Elaboration: You can use thermal and electrical probes to mimic the sensations. Heating or cooling of the tongue can mimic tastes like minty or salty. Other times the sensation of chewing can be accomplished using bone conduction transducers. This is a strange area of VR but there are projects exploring it and many unique use cases like food tourism or weight loss. Imagine a simulation with food that you could taste or chew or being able to “travel” to a foreign country and try unique cuisine.


What are the XR Accessibility Categories


  • Immersive Semantics and Customization

Definition: A user of assistive technology wants to navigate, identify locations, objects and interact within an immersive environment.


  • Motion Agnostic Interactions

Definition: A person with a physical disability may want to interact with items in an immersive environment in a way that doesn't require particular bodily movement to perform any given action.


  • Immersive Personalization

Definition: Users with cognitive and learning disabilities may need to personalize the immersive experience in various ways.


  • Interaction and Target Customization

Definition: A user with limited mobility, or users with tunnel or peripheral vision may need a larger 'Target size' for a button or other controls.


  • Voice Commands

Definition: A user with limited mobility may want to be able to use Voice Commands within the immersive environment, to navigate, interact and communicate with others.


  • Color Changes

Definition: Color blind users may need to be able to customise the colors used in the immersive environment. This will help with understanding affordances of various controls or where color is used to signify danger or permission.


  • Magnification Context and Resetting

Definition: Screen magnification users may need to be able to check the context of their view in immersive environments.


  • Critical Messaging and Alerts

Definition: Screen magnification users may need to be made aware of critical messaging and alerts in immersive environments often without losing focus. They may also need to route these messages to a 'second screen'


  • Gestural Interfaces and Interactions

Definition: A blind user may wish to interact with a gestural interface, such as a virtual menu system.

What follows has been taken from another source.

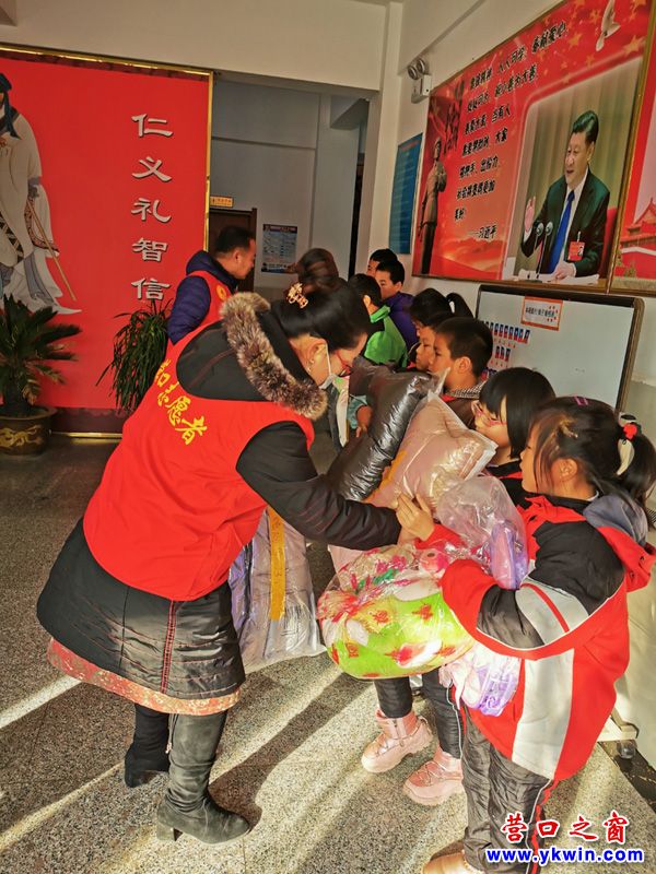 志愿者給被幫扶學(xué)生發(fā)棉服和學(xué)習(xí)用品

  • Signing Videos and Text Description Transformation

Definition: A blind user may wish to interact with a gestural interface, such as a virtual menu system.


  • Safe Harbor Controls

Definition: People with Cognitive Impairments may be easily overwhelmed in Immersive Environments.


  • Immersive Time Limits

Definition: Users may be adversely affected by spending too much time in an immersive environment or experience, and may lose track of time.


  • Orientation and Navigation

Definition: A screen magnification user or user with a cognitive and learning disability or spatial orientation impairment needs to maintain focus and understand where they are in immersive environments.


  • Second Screen Devices

Definition: Users of assistive technology such as a blind, or deaf-blind users communicating via a RTC application in XR, may have sophisticated 'routing' requirements for various inputs and outputs and the need to manage same.


  • Interaction Speed

Definition: Users with physical disabilities or cognitive and learning disabilities may find some interactions too fast to keep up with or maintain.


  • Avoiding Sickness Triggers

Definition: Users with vestibular disorders, Epilepsy, and photo sensitivity may find some interactions trigger motion sickness and other affects. This may be triggered when doing teleportation or other movements in XR.


  • Spatial Audio Tracks and Alternatives

Definition: Hard of hearing users may need accommodations to perceive audio.


  • Spatial Orientation: Mono Audio Option

Definition: Users with spatial orientation impairments, cognitive impairments or hearing loss in just one ear may miss information in a stereo or binaural soundscape.


  • Captioning, Subtitling and Text: Support and Customization


Definition: Users may need to customize captions, subtitles and other text in XR environments.